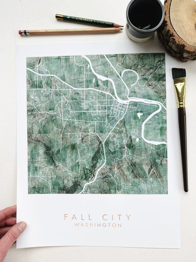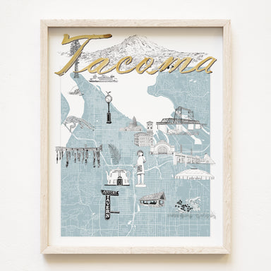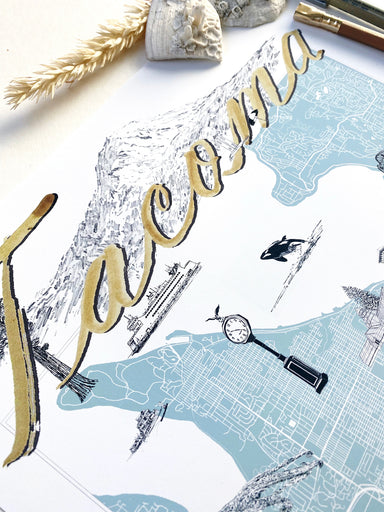 TACOMA, Washington Watercolor City Map + Icons Art Print. For your Map Wall, memento of your travels, reminder of home. The hand-painted cursive ...
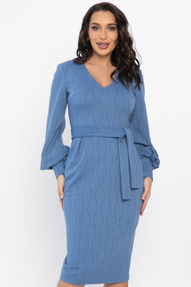 Элегантное платье из фактурной ткани создано для того, чтобы быть в центре внимания! Идеально подчеркивает преимущества фигуры. Рукав длинный, втачной, по низу широкий манжет. В комплект входит пояс из основной ткани.
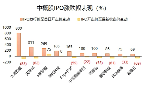 除此之外,一些赴美IPO首日股价高开的公司,后续表现也出现不理想的状态。
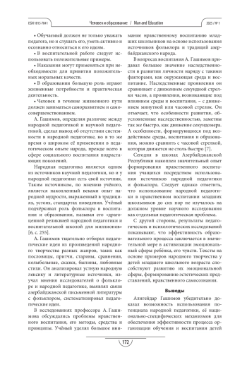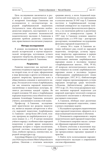 Статья: Педагогические идеи и воззрения Алигейдара Гашимова – основателя народной азербайджанской педагогики (2025)
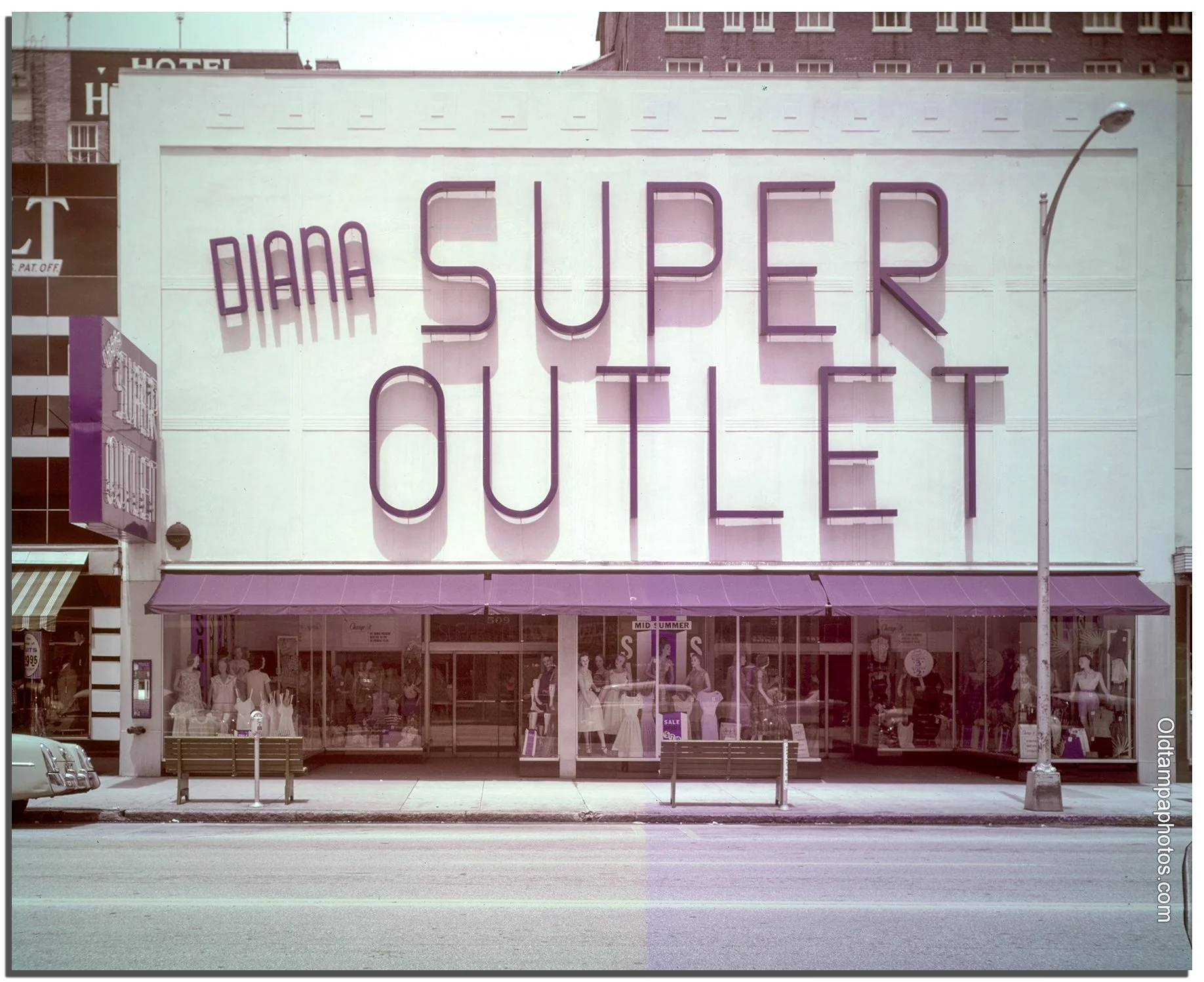 Diana Shops opened in the late 1930s at 907 Franklin St, next to the Grants Department Store. In 1947, they opened a second shop at 509 Franklin St, seen here. When they lost their lease next to Grants in 1954 and were forced to close, they consolidated their downtown operations and added the name Super Outlet. Selling women’s and children’s clothing, it was a prominent retailer in the middle of the 500 block of Franklin Street, joining Hanover Shoes, Schwobilt Clothing, Farner Shoes, and Jack Pendola’s Men’s Shop. In 1962, Diana’s had a grand re-opening, with a new men’s shop on the first floor and an enlarged infant’s and children’s department on the second floor. As retail business began to dwindle downtown in the mid-1960s, they expanded, opening a store at 1712 N. Dale Mabry, across the street from Montgomery Ward's, where the Wal-Mart is now. That warehouse store lasted until its liquidation in 1970. Records indicate the downtown store lasted until the early 1970s.
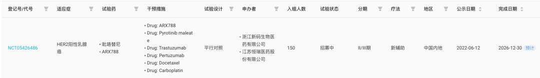 针对该适应症,国产企业中浙江医药 HER2 ADC ARX788 也在开展 II/III 期临床研究(登记号:NCT05426486)。该试验于去年 5 月启动,预计招募 150 名受试者,当前正在招募中,预计主要指标于 2025 年 12 月完成。
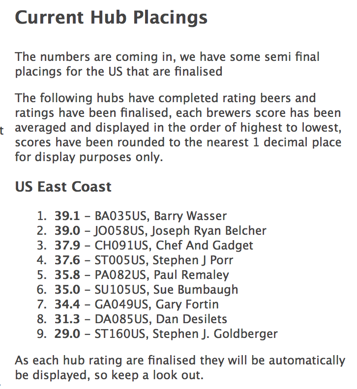 IN OTHER NEWS: I won 1st place in the northeast region (hub) of the Sj Porr Challenge 2014 competition with my Self Righteous Wookey Black Rye IPA. Next Step…The US finals or the Top 12 in the US where I’ll be judging the top 3 beers from the other 3 US regions of the challenge.
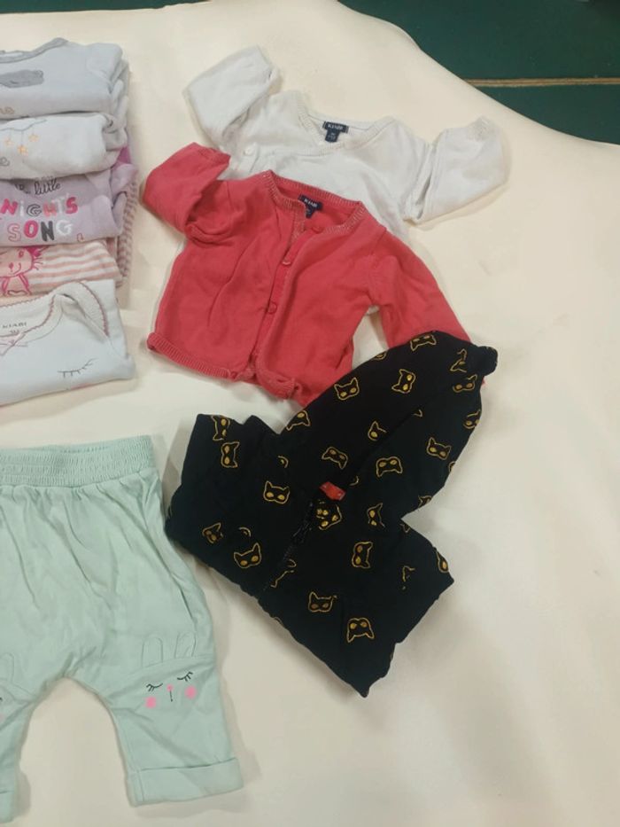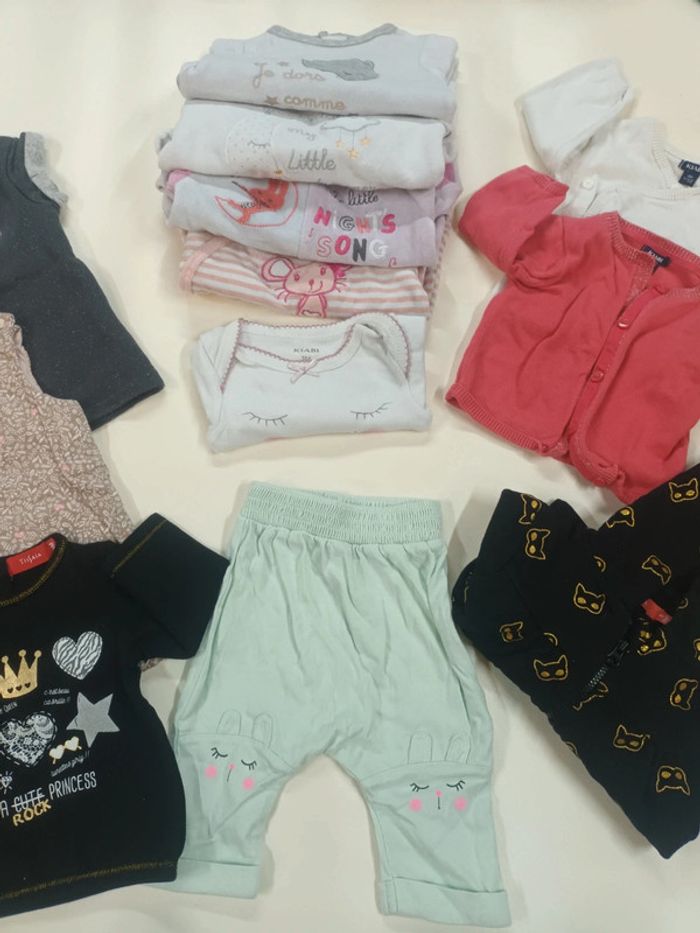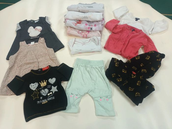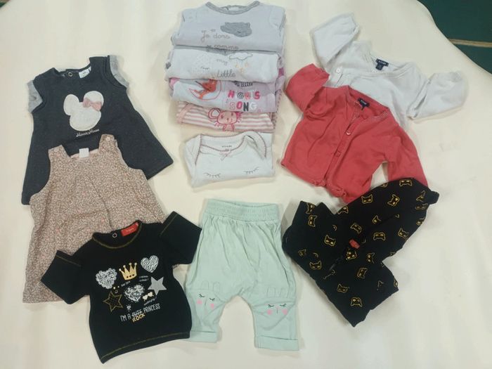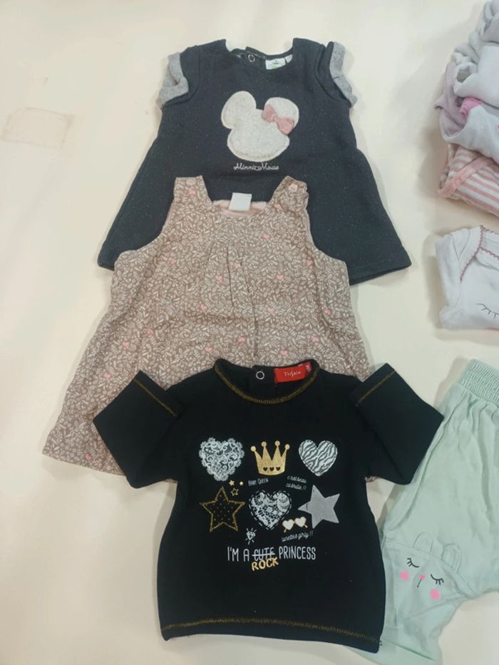 Lot de vêtements fille 3 mois : - 4 pyjamas velours - 1 body manches longues - 2 robes (1 minnie pailleté) - 1 tee shirt - 2 gilets dont 1 attache cache coeur - 1 gilet zippé - 1 legging Petit defaut : arriere body : tache en transparence Pyjama : un des pyjama a un peu de velour (tres tres légèrement) enlevé #tiitedrey_hiver_fille_3m
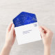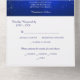 This pretty all season wedding invitation with tear away RSVP card in tones of silver and royal blue will give a sense of elegance to your wedding! The inside has a lovely silver swirl design on the right inside flap, with your monogram, also in silver, on the left. There's a subtle silver confetti overlay to add a bit of sparkle. Your wedding text is also in silver and everything is placed on a stunning royal blue gradient background. The bottom tear away RSVP portion is white to make it easy for your respondent to mark. If you don't need a text field, just blank it out, and if you need help organising different text, please contact us. We are always happy to help. If you're having a buffet reception, we can work with you to re-design the RSVP portion, so don't hesitate to ask! An added bonus and personal touch is your own photograph on the back flap.
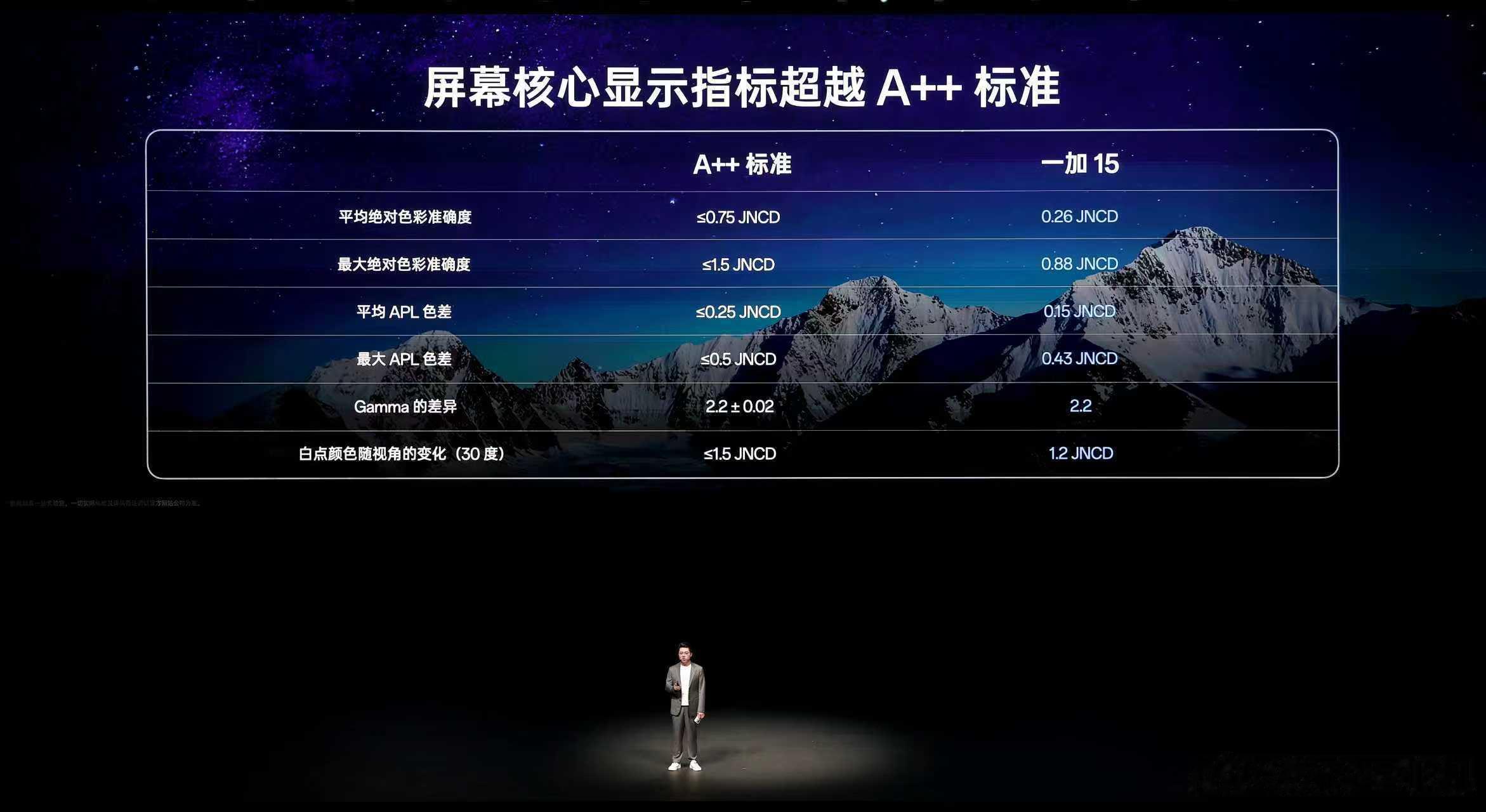 第三代东方屏的屏幕素质也全方面领先,屏幕几大核心显示指标上,超越了DisplayMate A++标准。一加 15 行业首发京东方定制的X3发光材料和Display P3屏幕芯片,显著提升显示效果;每一块东方屏都会经过一加自研显示科学产线校准,这是中国唯一显示科学产线,经过一对一校准,能最大成程度保障屏幕显示效果的一致性。一加15和Ace6新品发布一加15

★ ★ ★ ★ ★

> _WHAT IS BEING ASKED_
Starting at the line containing "除此之外,一些赴美IPO首日股价高开的公司,后续表现也出现不理想的状态。" and stopping at the line containing "Статья: Педагогические идеи", output every line above exactly, both ends included, with pictures omitted.

> _RESPONSE_
 除此之外,一些赴美IPO首日股价高开的公司,后续表现也出现不理想的状态。
 Статья: Педагогические идеи и воззрения Алигейдара Гашимова – основателя народной азербайджанской педагогики (2025)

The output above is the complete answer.